Recognising that all walks of life

Encounter the same INEQUITY

That girls face every single day

And are silent about it

In the same way

That girls are.

 

BUT.

 

Being a girl

Does not mean

That you should have any reason

To invalidate

Or ridicule

Or despise

Another human being

For their life

And for the things that are OUT OF THEIR CONTROL.

 

Race

Sexuality

Religion

 

Trauma

Family

Birthplace

 

Can all effect someone’s life

The same way

Gender does

For girls.

 

That is why

I believe

That all girls

Should know

That they are HUMAN too.

 

And being human can mean

Being given the POWER

The intelligence

The beauty

The strength

The empathy

To CHANGE THE WORLD

In any way that you could possibly want to.

 

Evie Taylor

College Captain

 

A woman of many talents provides inspiration!

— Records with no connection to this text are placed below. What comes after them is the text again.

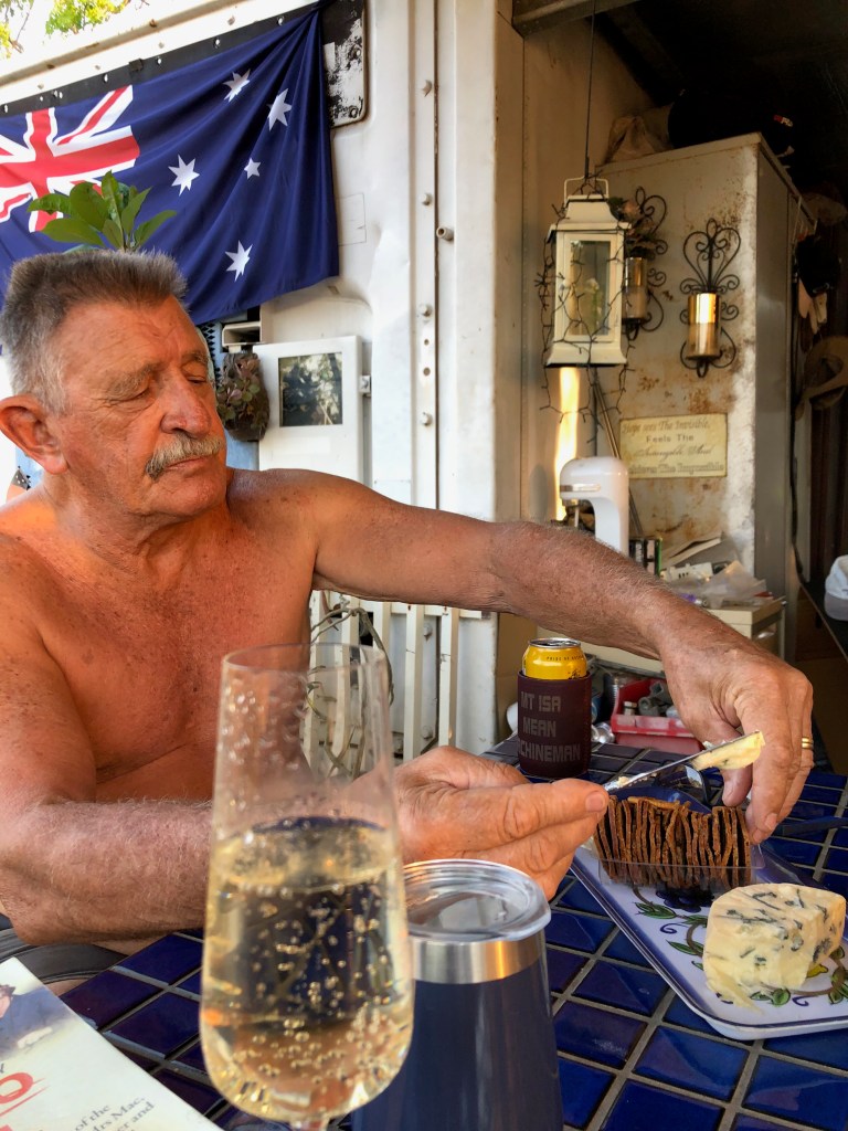 Life around camp has continued along the usual theme of mornings from our ‘verandah’, and evenings together enjoying each other’s company with drinks, nibbles and meals at James’ & Denises’. The days in between have been spent exploring more of Comallie or lazing in the plunge pool, or popping into the Batchelor Pool for a dip with Denise, or reading one of the many books that Richard has leant us.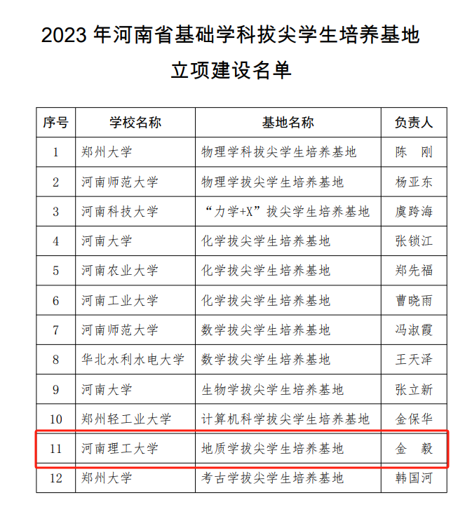 近日,河南省教育厅发布了《关于2023年河南省基础学科拔尖学生培养基地立项建设名单的公示》,资环学院申报的“地质学拔尖学生培养基地”获批立项建设。据了解,河南省共立项建设12个基础学科拔尖学生培养基地,建设周期五年。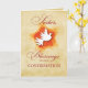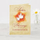 A beautiful little white dove on a soft brown and orange background with a natural texture look. The perfect card to send blessings and your congratulations to your sister on her Confirmation day.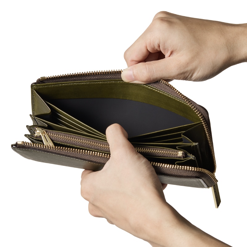 Detail 05無駄を削ぎ落としたスリムなフォルムが、洗練された印象を与えます。職人の精巧な仕立てにより、美しいシルエットを実現し、使うほどに手に馴染んでいきます。収納力を保ちつつ、かさばらないスマートなデザインです。

Alison Richards, Learning Support - Literacy

 

One woman who is an inspiration to me is George McEncroe, a Melbourne comedian and radio host who founded Shebah, an all-female rideshare company. She recognised there was a demand from female passengers for safe transport options and also that women valued the opportunity to build their own business as drivers, giving them financial independence and flexibility. 

 

Shebah has continued to grow and is now Australia wide. George showed her commitment and strength, working with the tech and transport industries which struggled to acknowledge the need for an all-female service or that a woman would be able to build a start up and a successful app.

 

It is inspiring to see women in the entertainment industry who have formed their own companies, for example Margot Robbie and Nicole Kidman and who find projects which present positive female roles, or take ownership of their creative output, like Taylor Swift.

Working together and supporting and encouraging each other is so important. We can share ideas, have fun and know that our efforts are valued and recognised.